“Silence Can Be Deafening” by Rev. Alan Johnson

SILENCE CAN BE DEAFENING
Alan Johnson


One night my teenage son left our apartment. I was a single dad at that time, and he was living with me. I knew that he was distraught. He was not himseIf. I talked with a psychiatrist who said I ought to take him to the hospital. However, my son did not come home until after midnight that evening, so I decided I had to find him. I walked through Grand Central Station, since I knew that he skateboarded there often, and looked in at his haunts on the east side of midtown in Manhattan. I had no idea where he was.  

I called the police and asked if they might have picked up a young man who was showing signs of mania.  They indicated I would probably find him in jail, in a strait jacket, or a locked ward, or in a body bag. It was 3am, and I was exhausted and felt hopeless, so I called Annie. She was a family friend in Ohio who I knew would pray for him right there and then. She said, “OK, I am praying, now you go to sleep.” 

“But” I protested, “Even if he comes home, I have called the hospital, there is no bed available.”

“Don’t worry,” Annie said, “Go to sleep. I am praying.” Well, my son came home at 6am. He was spent, disoriented and disconnected. We got into a taxi and I told the driver to take us to the hospital. A bed had just become available. That was the first of over 25 admissions into locked psych wards in hospitals over the past 36 years.  
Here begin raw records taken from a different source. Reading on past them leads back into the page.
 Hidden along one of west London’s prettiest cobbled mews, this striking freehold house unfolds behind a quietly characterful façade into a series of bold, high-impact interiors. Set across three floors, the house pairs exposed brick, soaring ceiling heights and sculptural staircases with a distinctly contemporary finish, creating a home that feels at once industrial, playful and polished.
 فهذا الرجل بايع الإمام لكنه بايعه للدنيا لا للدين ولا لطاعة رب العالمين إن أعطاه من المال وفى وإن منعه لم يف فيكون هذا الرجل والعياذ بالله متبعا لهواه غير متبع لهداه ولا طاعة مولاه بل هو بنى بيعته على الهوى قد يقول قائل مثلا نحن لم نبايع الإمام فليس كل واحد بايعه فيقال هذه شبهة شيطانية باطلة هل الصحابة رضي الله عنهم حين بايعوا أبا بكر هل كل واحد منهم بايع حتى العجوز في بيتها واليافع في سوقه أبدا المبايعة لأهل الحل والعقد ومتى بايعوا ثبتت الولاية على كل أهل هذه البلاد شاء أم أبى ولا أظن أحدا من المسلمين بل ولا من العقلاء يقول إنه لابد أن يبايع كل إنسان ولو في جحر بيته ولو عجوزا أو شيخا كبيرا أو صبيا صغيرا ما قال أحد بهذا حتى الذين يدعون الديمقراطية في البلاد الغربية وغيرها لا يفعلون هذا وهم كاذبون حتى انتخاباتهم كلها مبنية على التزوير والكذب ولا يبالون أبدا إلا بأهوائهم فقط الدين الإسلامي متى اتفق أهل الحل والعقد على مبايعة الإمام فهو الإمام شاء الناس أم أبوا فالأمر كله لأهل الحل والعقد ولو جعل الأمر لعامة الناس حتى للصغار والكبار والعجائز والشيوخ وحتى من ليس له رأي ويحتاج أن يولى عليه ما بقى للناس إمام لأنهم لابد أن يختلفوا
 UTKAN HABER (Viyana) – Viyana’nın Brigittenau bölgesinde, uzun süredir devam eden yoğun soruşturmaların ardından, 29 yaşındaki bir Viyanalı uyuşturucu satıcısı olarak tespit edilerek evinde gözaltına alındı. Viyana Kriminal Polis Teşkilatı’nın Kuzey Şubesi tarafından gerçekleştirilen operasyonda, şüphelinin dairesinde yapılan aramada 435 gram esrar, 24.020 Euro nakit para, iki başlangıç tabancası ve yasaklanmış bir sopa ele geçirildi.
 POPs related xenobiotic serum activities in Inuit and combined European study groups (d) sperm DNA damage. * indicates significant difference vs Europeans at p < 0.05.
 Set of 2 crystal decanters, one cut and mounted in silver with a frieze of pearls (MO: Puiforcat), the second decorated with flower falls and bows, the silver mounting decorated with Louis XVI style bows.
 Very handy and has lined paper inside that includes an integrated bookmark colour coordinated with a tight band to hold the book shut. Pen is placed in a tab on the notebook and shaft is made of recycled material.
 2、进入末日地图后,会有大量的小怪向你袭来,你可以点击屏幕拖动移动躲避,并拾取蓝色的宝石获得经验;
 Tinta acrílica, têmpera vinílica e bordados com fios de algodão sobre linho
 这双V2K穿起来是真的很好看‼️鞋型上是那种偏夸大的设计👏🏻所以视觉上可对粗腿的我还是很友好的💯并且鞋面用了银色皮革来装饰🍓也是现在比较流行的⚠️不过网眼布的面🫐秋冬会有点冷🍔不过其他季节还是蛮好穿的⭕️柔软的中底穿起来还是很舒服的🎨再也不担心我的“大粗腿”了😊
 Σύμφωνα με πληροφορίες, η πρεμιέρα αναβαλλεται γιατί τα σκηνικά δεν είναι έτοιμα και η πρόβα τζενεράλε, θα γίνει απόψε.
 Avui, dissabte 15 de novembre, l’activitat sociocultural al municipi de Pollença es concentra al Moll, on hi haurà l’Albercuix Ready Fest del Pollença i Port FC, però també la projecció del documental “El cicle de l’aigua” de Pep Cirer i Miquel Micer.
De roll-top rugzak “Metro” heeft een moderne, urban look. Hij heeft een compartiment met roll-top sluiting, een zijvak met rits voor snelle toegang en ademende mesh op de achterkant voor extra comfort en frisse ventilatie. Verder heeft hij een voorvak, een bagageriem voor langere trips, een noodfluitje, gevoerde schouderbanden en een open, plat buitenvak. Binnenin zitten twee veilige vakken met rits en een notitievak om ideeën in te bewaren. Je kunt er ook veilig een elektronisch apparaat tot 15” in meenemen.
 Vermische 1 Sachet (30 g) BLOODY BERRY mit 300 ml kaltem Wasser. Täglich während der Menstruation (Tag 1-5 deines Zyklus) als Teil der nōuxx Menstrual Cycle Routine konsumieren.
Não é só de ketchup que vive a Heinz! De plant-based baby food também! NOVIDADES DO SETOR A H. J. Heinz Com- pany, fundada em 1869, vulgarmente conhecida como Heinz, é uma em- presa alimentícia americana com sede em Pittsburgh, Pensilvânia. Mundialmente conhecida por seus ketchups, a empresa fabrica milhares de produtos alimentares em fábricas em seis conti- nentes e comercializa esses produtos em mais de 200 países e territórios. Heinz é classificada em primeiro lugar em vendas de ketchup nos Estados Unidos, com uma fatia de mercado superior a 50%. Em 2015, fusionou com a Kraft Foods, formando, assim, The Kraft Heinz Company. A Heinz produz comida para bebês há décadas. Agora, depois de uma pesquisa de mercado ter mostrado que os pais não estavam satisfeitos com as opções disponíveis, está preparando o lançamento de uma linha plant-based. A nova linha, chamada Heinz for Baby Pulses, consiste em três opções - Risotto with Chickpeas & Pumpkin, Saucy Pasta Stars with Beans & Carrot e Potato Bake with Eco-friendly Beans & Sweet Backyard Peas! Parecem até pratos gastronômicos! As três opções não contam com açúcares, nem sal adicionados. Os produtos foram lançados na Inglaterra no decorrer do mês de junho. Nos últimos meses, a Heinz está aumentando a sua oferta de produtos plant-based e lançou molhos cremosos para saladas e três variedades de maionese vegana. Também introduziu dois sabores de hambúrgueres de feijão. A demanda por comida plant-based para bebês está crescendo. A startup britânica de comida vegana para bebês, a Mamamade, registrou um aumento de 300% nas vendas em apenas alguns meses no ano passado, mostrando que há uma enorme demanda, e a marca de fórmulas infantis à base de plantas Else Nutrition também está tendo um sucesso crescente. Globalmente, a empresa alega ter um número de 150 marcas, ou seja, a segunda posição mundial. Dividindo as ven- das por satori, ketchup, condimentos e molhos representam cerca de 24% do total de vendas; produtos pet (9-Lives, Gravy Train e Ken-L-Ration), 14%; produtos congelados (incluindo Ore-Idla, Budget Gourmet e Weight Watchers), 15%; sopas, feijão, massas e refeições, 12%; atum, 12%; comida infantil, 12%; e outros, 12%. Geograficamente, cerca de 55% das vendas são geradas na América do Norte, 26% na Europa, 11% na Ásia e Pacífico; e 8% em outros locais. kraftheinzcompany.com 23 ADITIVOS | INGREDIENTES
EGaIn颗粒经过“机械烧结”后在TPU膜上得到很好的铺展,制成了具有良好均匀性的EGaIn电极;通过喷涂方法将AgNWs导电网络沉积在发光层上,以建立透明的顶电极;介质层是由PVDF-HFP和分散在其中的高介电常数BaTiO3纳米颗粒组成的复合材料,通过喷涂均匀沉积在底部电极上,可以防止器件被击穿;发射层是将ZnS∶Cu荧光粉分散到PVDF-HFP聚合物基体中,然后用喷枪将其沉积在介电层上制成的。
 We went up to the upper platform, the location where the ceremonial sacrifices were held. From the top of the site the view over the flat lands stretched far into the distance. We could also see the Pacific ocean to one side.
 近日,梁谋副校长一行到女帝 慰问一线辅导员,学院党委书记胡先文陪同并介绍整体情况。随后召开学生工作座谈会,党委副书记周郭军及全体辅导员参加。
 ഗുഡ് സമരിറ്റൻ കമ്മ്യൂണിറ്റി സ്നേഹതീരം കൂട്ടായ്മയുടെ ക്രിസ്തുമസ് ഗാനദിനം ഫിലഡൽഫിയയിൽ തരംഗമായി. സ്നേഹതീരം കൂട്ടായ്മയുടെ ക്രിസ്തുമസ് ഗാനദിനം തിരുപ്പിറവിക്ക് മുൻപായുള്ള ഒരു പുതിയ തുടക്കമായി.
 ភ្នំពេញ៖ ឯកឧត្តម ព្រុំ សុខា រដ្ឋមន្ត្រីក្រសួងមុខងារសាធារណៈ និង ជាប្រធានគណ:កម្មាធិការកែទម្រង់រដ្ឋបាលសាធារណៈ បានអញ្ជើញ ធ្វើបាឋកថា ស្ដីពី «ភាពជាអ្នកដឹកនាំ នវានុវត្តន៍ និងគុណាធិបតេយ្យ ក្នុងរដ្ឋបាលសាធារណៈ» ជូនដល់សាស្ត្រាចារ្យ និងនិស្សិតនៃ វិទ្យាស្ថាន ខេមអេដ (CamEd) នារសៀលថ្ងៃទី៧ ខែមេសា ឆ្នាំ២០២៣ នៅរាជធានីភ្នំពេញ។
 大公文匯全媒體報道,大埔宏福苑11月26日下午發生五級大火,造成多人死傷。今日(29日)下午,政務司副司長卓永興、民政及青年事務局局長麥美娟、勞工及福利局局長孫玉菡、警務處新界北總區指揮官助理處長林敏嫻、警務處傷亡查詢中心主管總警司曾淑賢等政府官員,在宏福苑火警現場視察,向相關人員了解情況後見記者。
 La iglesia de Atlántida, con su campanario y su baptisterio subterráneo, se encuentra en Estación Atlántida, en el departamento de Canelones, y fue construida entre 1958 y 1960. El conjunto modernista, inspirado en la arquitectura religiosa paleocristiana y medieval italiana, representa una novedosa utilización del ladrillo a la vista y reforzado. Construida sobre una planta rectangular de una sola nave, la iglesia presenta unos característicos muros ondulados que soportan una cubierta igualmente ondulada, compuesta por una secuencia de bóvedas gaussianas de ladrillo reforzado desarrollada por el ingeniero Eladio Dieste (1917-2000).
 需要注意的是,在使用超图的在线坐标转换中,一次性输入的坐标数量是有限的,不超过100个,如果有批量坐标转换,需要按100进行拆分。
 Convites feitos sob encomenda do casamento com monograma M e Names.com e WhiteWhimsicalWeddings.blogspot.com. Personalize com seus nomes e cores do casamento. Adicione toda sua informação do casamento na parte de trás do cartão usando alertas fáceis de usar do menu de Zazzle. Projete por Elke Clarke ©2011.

Over these 36 years, it has been my passion and commitment to break the silence that surrounds mental illness. In my conversations with others I have found that each person who has had an experience with a loved one, an extended family member, a colleague, a student, or a neighbor who has a mental health challenge, can tell their own story. Each experience is unique, and yet all the  experiences have some similarities. Most of us don’t know what is going on when we see signs and symptoms of mental illness in these persons. Most of us don’t know how to react or how to provide support or guidance. And if that person is yourself, there is usually confusion about what is happening, what to do, who to trust, and who you can really talk to without being judged as weak or “out of it.” 

What has been essential to me is to realize and trust that there is a life force which can be a guide to a path forward. The worst path is the path of silence. Not speaking about it with anyone builds walls of isolation and adds weight to the burden of not knowing what to do. When I reached out to Annie, she was a lifeline for me. She herself was physically limited, moving in a wheelchair, having been born with severe spina bifida. She was a person who was wounded in her body and was a healer in her soul. She could do something. She could pray. She knew the feeling of powerlessness. She knew the reality of spiritual presence.

These days, a very, very long time from when I reached out to Annie, I have come to know the power of being vulnerable and to reach out when life’s challenges can put me over the top. Silence was not golden in those times. Hope can be strengthened when the deafening echo of silence is overcome by speaking from the depth of need. I can attest to the realm of the Spirit, to what is sacred, to that which can sustain and can hold me when feeling broken. Breaking the silence can be healing.  

Alan Johnson is a mental health advocate. He is a co-founder of the Interfaith Network on Mental Illness (www.inmi.us) He is a retired United Church of Christ clergy who was a chaplain at The Children’s Hospital, Denver.